Casi siempre, el cine para niños viene a ser como versiones infantiles de textos de la literatura; como los cuentos tradicionales, pero asumidos para niños (aunque no todos tengan el alma que les da aquella tía Panchita que nos encanta con sus narraciones).
Algunos filmes para niños son más simples aún. Si comparamos más con la cultura libresca, a lo sumo llegan a ser libritos para colorear, de tal sencillez, pero con mantenida gracia para los más pequeños. No lo decimos, para nada, peyorativamente.
Solo que eso último es lo que nos resulta paradigmático en el caso del filme Alvin y las ardillas (2007, Alvin and the Chipmunks ), dirigido por Tim Hill, película de cruce bien logrado de actores reales con muñecos por computadora.
En eso último, el largometraje ardillesco respira oficio y frescura, talento y laboriosidad. Es lo mejor, es lo que más cautiva, más la gestualidad de las tres ardillas: Alvin, Sinmón y Teodoro, capaces de arrancar sonrisas, risas, exhalaciones y suspiros en espectadores (incluso en jóvenes, ellas sobre todo).
Esto habla bien del buen diseño de personajes con los tres mamíferos roedores, de colas pobladas que, en este caso, sin perder sus costumbres, se han venido de los bosques a la ciudad por culpa de la corta de árboles: deforestación.

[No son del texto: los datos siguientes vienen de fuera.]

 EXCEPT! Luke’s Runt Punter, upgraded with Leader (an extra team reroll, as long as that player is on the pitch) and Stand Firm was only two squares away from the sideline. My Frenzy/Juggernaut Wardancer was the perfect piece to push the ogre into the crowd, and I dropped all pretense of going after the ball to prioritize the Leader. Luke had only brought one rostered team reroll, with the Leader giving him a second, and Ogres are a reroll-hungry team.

El problema de la cinta está con los personajes reales, poco conviventes como tales y muy mal actuados (la dirección de actores es deficitaria), sobre todo cuando las ardillas se revelan como la sensación musical del momento, mientras Dave (Jason Lee) –sin querer queriendo– se convierte en algo más que en su compositor: las ardillas lo tratan como a un padre, o sea, búsqueda de una familia.

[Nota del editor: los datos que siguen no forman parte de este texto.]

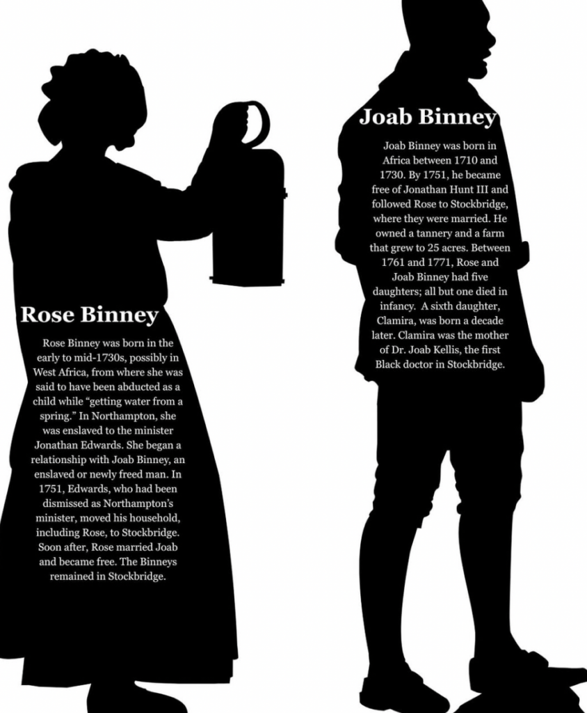 Venus was sold by a ship’s captain and slave trader in Newport, Rhode Island to Northampton’s minister Jonathan Edwards. The documents reveal that in 1731, Edwards purchased a “Negro Girle named Venus age Fourteen years or thereabout” for 80 pounds. Similarly, we meet Rose Binney, born in the early to mid-1730s, possibly in West Africa, from where she was said to have been abducted as a child while “getting water from a spring.” In Northampton, like Venus, she was also enslaved to the minister Jonathan Edwards. There she began a relationship with Joab Binney, an enslaved man who later became free. In 1751, Edwards, who had been dismissed as Northampton’s minister, moved his household, including Rose, to Stockbridge, MA. Soon afterwards, Rose married Joab and became free herself. The Binneys were to remain in Stockbridge for the rest of their lives.
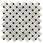 Calacatta Gold Marble Polished Stanza Basketweave Mosaic Tile w/ Black Dots
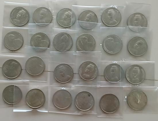 แผงพร้อมเหรียญ 20 นิเกิลชนิดราคา 20 บาท+เหรียญเงิน 20 บาท 3 รอบ ในสมัยรัชกาลที่ 9 ครบทุกวาระ 71วาระ+เหรียญเงิน ทั้งหมดรวม 72 วาระ เหรียญสภาพไม่ผ่านการใช้งาน พร้อมแผงสีน้ำเงิน จำนวน 1 แผง ครับ |
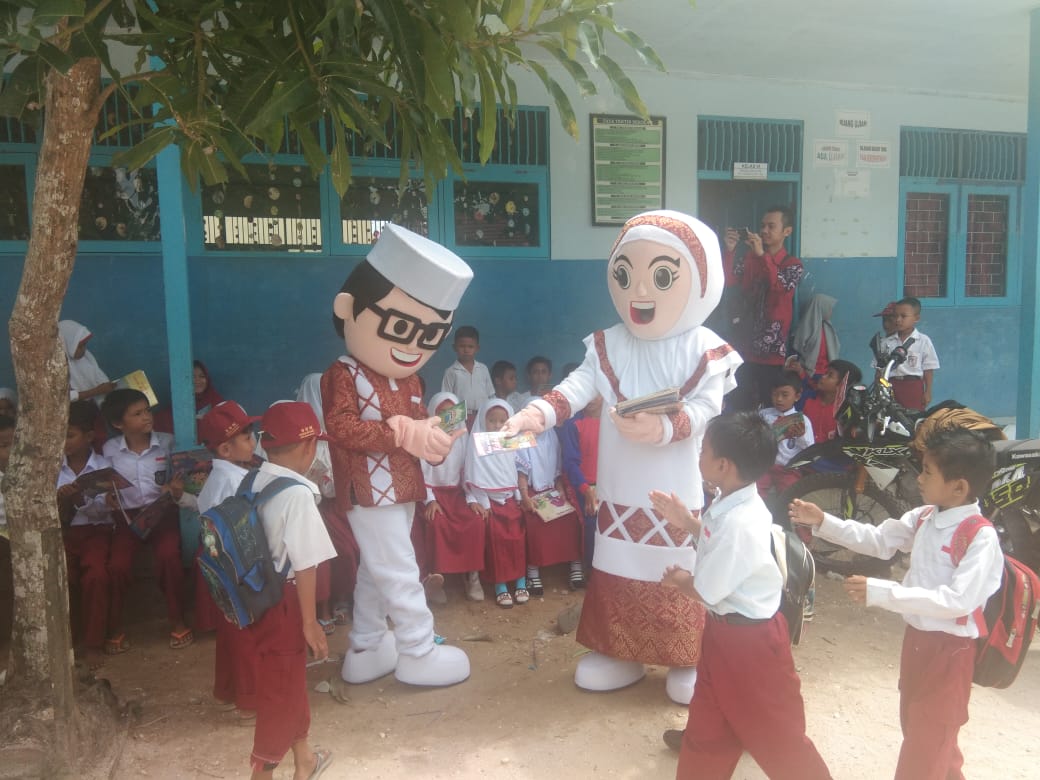 Banjarmasin, BARITO – Seluruh siswa/siswi SDN 9 Banua Anyar Banjarmasin, Rabu pagi (2/10) berhamburan ke halaman sekolah mereka saat melihat pasangan badut Soleh dan Solehan tiba bersama rombongan pustakawan dari Perpustakaan Palnam yang membawa buku-buku dengan sepeda motor trail.
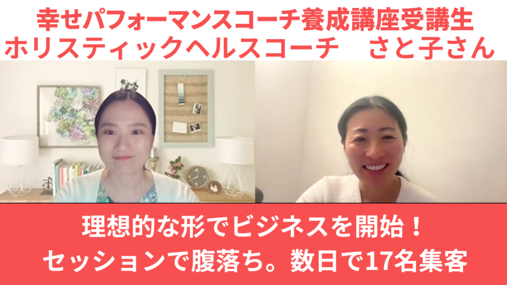 理想的な形でビジネスを開始。個別セッションの言葉で腹落ち、数日で17名!幸せパフォーマンスコーチ養成講座 受講生 ホリスティックヘルスコーチ さと子さん

El clímax sucede cuando Alvin, Simón y Teodoro comienzan a darse cuenta de su éxito artístico y entran en conflicto con Dave, quien no quiere que sus “niños” sean explotados por los mercaderes del espectáculo musical.
En todo caso, sí se disfruta de estas ardillas exitosas en animación para la tele, por los años 80. El problema es que el filme parece repetirse constamemente y va perdiendo su encanto inicial venido, ahora, desde la pantalla grande.
De alguna manera, la película hace lo de las ardillas: sobresalir la cola poblada por encima de su cabeza, ser vivaracha, para luego roer y roer en lo mismo, a tal punto que pierde mucha de su seducción.
¿Los infantes la disfrutan? ¡Claro!, como cuando colorean los bocetos dibujados en un libro. Niños y niñas, con generosidad, son parte del reino ardillero en la sala de cine.